Como agora acontece em quase todos os concursos, o derrotado do concurso de Cascais (a Scotturb) avançou para tribunal exigindo a exclusão do vencedor, a espanhola Martin SA, assim contestando a decisão de adjudicação da CM de Cascais de Maio de 2019. Em Março de 2021 o Tribunal Administrativo de Círculo de Lisboa deu razão à Scotturb e anulou o contrato assinado com a Martin SA. Mesmo assim, a CM de Cascais avançou com o processo, depois de interpor o recurso da praxe, e em Maio de 2021 a Martin SA começou a operar. Entretanto, a Câmara perdia mais dois recursos, no Tribunal Central Administrativo Sul, em Maio de 2022, e no Supremo Tribunal Administrativo, a 24 de Novembro de 2022.
«Longe vão os tempos em que Carreiras se vangloriava de dar cartas na Área Metropolitana de Lisboa (AML) e no País, e de andar a ensinar como se fazem concursos públicos.»
Desta vez, ao mesmo tempo que avança com um último recurso, para o Tribunal Constitucional, a CM de Cascais, temendo as consequências de um último desfecho negativo (que implicaria a interrupção imediata da oferta de transportes rodoviários em Cascais por impossibilidade de pagamento ao fornecedor) decide assumir diretamente a exploração do serviço público do transporte rodoviário regular de passageiros no concelho de Cascais, e alugar, por ajuste directo, à empresa Martin, S.A., toda a sua frota actualmente afecta à operação municipal de Cascais incluindo os motoristas necessários para a sua circulação. Ficará assim a CM de Cascais a pagar 12 milhões de euros por ano, até conseguir lançar um novo concurso e fazer uma nova concessão. Que se somam ao muito já gasto em advogados – para fazer cadernos de encargos, deliberações, defesa em tribunal, assessoria, etc.

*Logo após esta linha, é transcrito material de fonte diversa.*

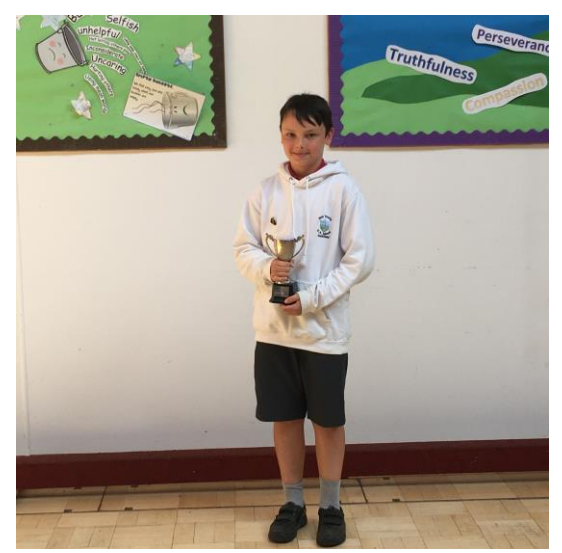
Aspiration Cup -
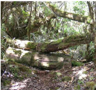
“Arrow” at mile six.

increasingly difficult and harder to follow, with increasingly severe impediments to travel including mud holes, downed trees, and numerous steep and brushy sections.
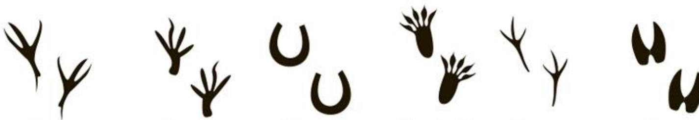
Crow Mouse Horse Squirrel Sparrow Deer
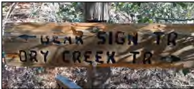
Bear damage to Bear Sign Trail sign
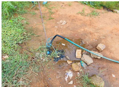
FIGURE 2 Illegal connection of water pipes.
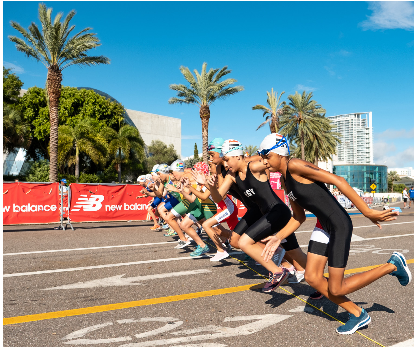
Action from the start line in Saint Petersburg (USA) as youth athletes prepare to test their skills
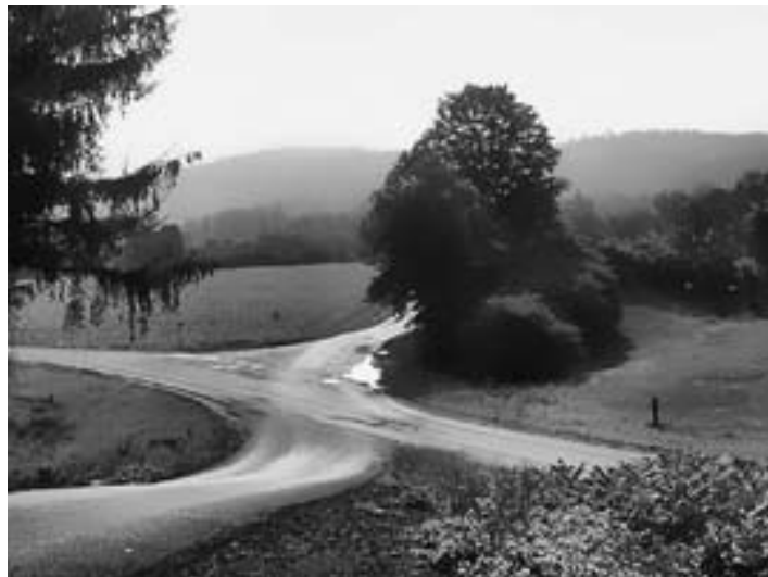
Which way now? Your choice.
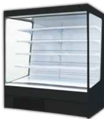
Plug-in Multi Deck / Remote Multi Deck SF 100 / 130 / 200 / 260 RF 188 / 250 / 375
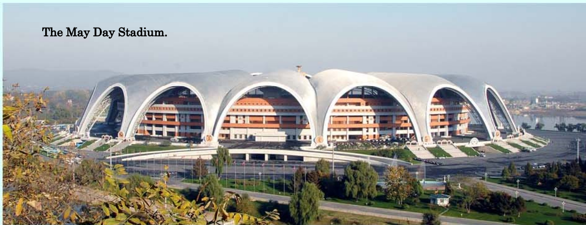
The May Day Stadium.

S INCE 2012, THE FIRST year of the new century of the Juche era, the Democratic People's Republic of Korea has newly built a large number of sports facilities and refashioned existing ones all over the country amidst the growing public interest in and enthusiasm for sports. Such projects are still going on.
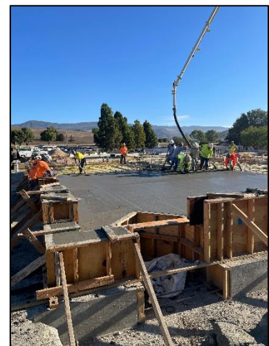
Slab Pour (West Side)
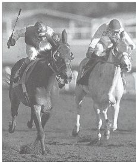
The Press Democrat, 2000

Lover's Soul . Finally, she is likely the only mule to have a song written exclusively about her: "Black Ruby Fever" (Gary Hyde Music BMI).
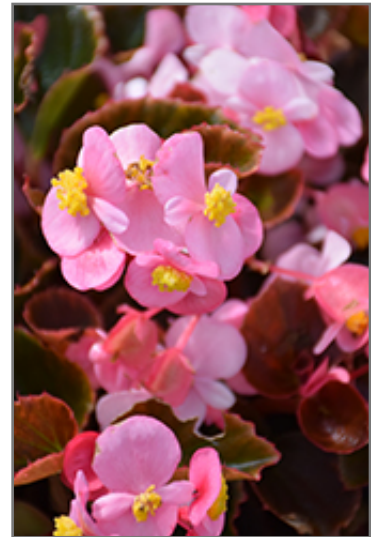
Cocktail Brandy Begonia flowers

Cocktail Brandy Begonia is an herbaceous annual with a mounded form. Its medium texture blends into the garden, but can always be balanced by a couple of finer or coarser plants for an effective composition.
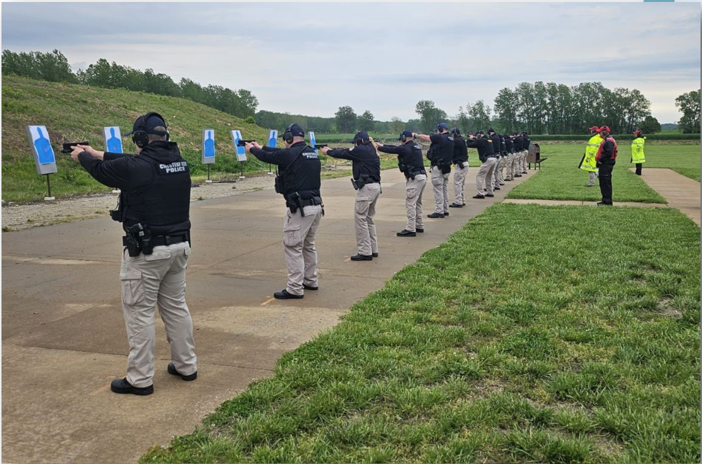
Members of the Chesterfield Police Department completing their Spring firearms training in April.
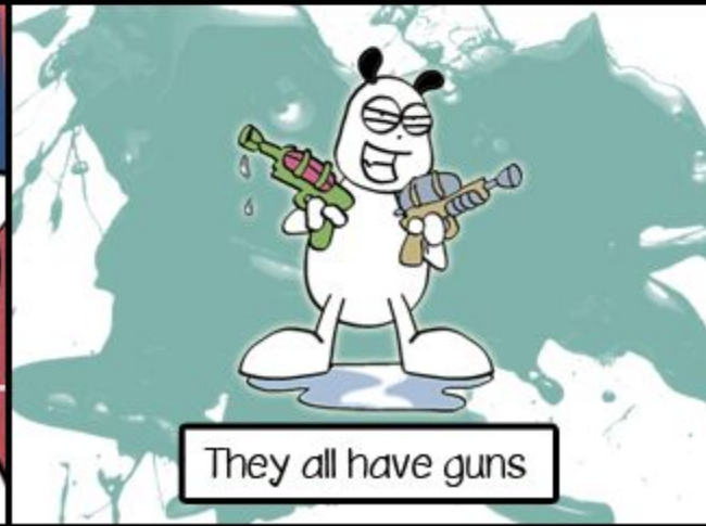
They all have guns
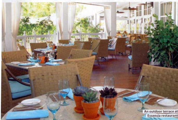
An outdoor terrace at Essensia restaurant

O estrondo só não é maior porque não tem interessado a quem domina a comunicação social. Os ângulos de abordagem poderiam ser muitos: desde o facto de o liberal Carreiras estar a ser obrigado a colocar a Câmara Municipal a assegurar directamente o serviço para fugir à imensa trapalhada em que a envolveu (não apenas pelas eventuais fragilidades do Caderno ou do Concurso, mas pela decisão de avançar com a mudança de operador mesmo depois de ter perdido na primeira instância); até a esta grave entorse à transparência que é uma Câmara Municipal aprovar um ajuste directo de 12 milhões de euros para tentar contornar uma decisão dos tribunais; sem desvalorizar a importância das relações claramente demasiado próximas entre os responsáveis camarários e o operador privado, única explicação para o tipo de proposta construída.
«O estrondo só não é maior porque não tem interessado a quem domina a comunicação social. Os ângulos de abordagem poderiam ser muitos (...)»

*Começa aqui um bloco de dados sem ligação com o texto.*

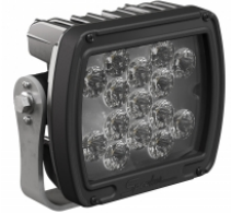
Part Number 1300711 24V LED Work Light with Black Housing, Polycarbonate Lens & Spot Beam Pattern
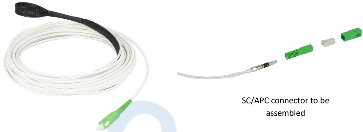
SC/APC connector to be assembled

Description 9/125 G.657.A2 single-fiber cable, LSZH jacket, Cca, preterminated with SC/APC connectors
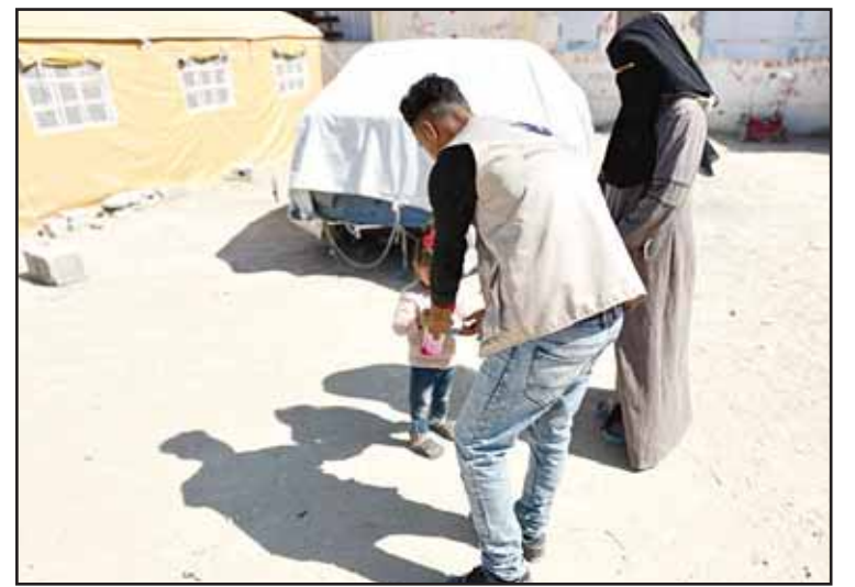
Kuwait's Namaa Charity launches a project to distribute milk to children in the Gaza Strip.

The center confirmed its commitment to improve the efficiency of educational project implementation and guarantee the optimal use of financial resources; thus, enhancing the quality of the education system.
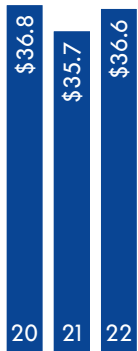
Sales ($ in billions)

Northrop Grumman is a leading global aerospace and defense technology company. Our pioneering solutions equip our customers with the capabilities they need to connect and protect the world, and push the boundaries of human exploration across the universe. Driven by a shared purpose to solve our customers' toughest problems, our more than 95,000 employees define possible every day.
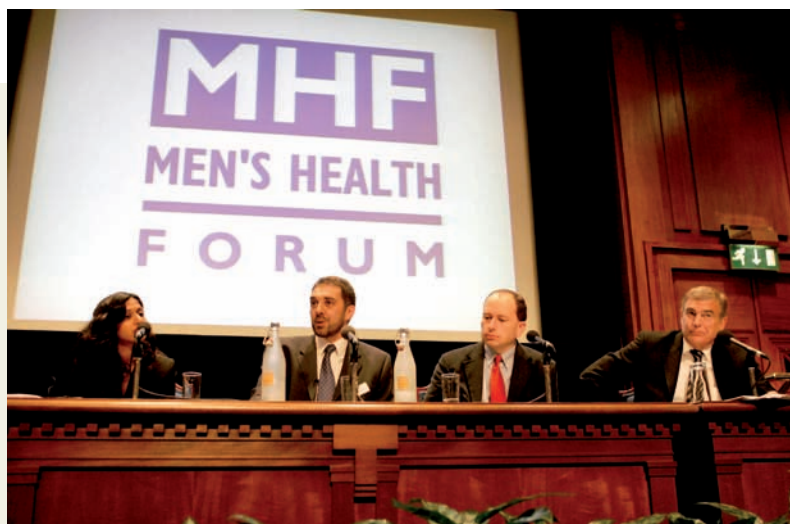
A panel of speakers discusses obesity in men at a national conference in London.

Although men make up (almost) half the population and are not therefore the kind of "minority" group that we normally associate with needing "particular attention", there is no doubt that this clearly identified "social duty" is applicable. Overall therefore, the present situation in for male health England & Wales seems a positive one and, with good management and a little bit of luck, promises to remain so for the foreseeable future.

Este processo é único pela escala da trapalhada e da arrogância, mas é apenas um de muitos concursos que se arrastam no tempo sem produzir os devidos resultados, alimentando gordos escritórios de advogados e entupindo os tribunais. No seu conjunto, são o espelho da cupidez do modelo imposto pela União Europeia, de uma liberalização destinada a entregar estes sectores às grandes multinacionais, únicas empresas capazes de aguentarem e alimentarem estes processos.
E ilustra também o impacto sobre os trabalhadores destas liberalizações. Apesar de se tratar de um serviço permanente, que deveria exigir postos de trabalho permanentes e trabalhadores efectivos, desde 2018 que é a instabilidade e a precariedade aquilo que marca a vida destes trabalhadores. Quer os que, entretanto, foram despedidos pela Scotturb, quer os que foram, entretanto, contratados pela nova operadora, e estão, a prazo, alugados à Câmara de Cascais. Mais uma vez expondo os verdadeiros objectivos de todas as liberalizações: promover a concentração capitalista e intensificar a exploração dos trabalhadores.